THE TASK: Match the word "your". Return each line of the data below where it appears.

Records excerpted from a collection:

====

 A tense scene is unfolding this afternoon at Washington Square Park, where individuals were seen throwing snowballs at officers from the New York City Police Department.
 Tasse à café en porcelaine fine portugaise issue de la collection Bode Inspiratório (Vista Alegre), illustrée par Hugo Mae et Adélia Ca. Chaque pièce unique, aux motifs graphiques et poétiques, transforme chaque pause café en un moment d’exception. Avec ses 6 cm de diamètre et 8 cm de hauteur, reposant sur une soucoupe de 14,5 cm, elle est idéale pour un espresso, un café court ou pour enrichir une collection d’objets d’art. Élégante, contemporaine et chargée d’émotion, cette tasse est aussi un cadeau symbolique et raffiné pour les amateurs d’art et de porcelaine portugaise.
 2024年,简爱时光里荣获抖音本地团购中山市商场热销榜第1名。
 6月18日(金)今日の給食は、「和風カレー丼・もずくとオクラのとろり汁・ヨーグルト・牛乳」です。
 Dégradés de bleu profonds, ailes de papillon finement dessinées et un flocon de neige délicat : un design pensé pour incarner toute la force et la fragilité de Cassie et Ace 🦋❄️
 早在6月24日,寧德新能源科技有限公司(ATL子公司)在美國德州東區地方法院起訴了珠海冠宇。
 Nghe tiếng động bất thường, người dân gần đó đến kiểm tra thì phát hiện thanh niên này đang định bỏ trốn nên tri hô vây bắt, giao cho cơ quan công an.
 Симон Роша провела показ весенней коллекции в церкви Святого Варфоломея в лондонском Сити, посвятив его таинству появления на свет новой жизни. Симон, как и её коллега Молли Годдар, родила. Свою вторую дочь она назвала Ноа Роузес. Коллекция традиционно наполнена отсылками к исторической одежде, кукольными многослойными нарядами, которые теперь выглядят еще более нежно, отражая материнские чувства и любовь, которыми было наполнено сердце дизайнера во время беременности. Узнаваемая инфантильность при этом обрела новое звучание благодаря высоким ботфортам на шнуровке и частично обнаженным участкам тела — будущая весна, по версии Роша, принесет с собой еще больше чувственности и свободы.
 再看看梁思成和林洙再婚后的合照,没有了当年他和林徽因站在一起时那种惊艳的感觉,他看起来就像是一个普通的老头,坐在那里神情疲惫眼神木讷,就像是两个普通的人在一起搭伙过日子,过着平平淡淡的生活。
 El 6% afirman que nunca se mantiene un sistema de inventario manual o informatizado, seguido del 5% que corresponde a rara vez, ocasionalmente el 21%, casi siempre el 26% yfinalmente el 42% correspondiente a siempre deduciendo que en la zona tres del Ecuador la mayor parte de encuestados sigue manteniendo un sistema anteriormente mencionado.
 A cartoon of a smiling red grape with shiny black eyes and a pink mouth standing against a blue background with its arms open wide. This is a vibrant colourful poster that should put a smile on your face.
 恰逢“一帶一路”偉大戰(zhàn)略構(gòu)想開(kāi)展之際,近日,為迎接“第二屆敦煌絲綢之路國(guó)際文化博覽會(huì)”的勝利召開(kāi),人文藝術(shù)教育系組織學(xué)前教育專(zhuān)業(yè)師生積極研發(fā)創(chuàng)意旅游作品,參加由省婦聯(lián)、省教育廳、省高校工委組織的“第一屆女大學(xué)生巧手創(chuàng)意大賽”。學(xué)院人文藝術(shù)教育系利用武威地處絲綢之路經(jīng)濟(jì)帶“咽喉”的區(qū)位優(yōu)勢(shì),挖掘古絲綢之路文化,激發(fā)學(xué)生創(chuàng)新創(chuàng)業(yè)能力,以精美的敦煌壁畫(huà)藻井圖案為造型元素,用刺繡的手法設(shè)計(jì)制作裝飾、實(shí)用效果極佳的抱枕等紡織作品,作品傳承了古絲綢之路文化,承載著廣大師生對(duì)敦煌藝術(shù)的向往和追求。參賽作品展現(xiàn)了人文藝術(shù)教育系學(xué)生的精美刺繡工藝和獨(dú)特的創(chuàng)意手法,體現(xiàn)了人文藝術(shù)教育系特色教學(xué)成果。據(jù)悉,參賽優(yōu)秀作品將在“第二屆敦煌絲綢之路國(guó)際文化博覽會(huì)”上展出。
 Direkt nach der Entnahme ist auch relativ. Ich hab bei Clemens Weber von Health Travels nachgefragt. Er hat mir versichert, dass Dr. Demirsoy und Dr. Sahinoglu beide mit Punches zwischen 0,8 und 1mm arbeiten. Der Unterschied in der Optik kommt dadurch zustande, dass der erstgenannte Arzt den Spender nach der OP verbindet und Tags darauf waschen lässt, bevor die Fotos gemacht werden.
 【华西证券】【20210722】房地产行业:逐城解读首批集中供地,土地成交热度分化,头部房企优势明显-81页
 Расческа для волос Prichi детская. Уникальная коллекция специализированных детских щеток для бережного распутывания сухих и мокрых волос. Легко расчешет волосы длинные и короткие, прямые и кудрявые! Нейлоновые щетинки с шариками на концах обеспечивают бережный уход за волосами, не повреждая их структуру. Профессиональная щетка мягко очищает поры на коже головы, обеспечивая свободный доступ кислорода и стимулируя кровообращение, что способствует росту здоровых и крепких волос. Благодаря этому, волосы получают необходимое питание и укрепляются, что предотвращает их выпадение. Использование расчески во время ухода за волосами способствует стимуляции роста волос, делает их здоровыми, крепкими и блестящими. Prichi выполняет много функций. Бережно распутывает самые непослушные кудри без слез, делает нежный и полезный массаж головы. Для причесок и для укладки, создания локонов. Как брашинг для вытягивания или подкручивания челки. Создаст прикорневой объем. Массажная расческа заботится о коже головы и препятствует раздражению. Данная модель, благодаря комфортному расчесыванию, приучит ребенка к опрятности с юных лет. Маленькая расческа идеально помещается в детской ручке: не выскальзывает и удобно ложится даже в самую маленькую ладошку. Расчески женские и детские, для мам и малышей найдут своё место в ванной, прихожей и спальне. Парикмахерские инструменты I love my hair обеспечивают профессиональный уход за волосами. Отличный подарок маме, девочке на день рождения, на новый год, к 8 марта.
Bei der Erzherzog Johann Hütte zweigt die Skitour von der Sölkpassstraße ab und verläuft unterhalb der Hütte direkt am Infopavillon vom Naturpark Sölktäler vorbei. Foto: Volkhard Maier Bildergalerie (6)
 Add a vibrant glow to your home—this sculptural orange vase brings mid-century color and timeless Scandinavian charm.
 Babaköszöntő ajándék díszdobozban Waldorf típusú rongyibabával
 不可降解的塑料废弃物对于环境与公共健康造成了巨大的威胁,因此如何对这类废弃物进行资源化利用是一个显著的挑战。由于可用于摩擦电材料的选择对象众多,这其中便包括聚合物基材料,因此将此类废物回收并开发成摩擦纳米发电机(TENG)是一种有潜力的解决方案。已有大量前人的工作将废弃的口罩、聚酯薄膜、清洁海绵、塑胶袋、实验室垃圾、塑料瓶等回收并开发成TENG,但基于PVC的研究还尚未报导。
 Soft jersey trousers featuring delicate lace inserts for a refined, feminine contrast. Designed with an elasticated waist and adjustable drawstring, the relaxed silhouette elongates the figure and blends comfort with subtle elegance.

====

RESPONSE:
 A cartoon of a smiling red grape with shiny black eyes and a pink mouth standing against a blue background with its arms open wide. This is a vibrant colourful poster that should put a smile on your face.
 Add a vibrant glow to your home—this sculptural orange vase brings mid-century color and timeless Scandinavian charm.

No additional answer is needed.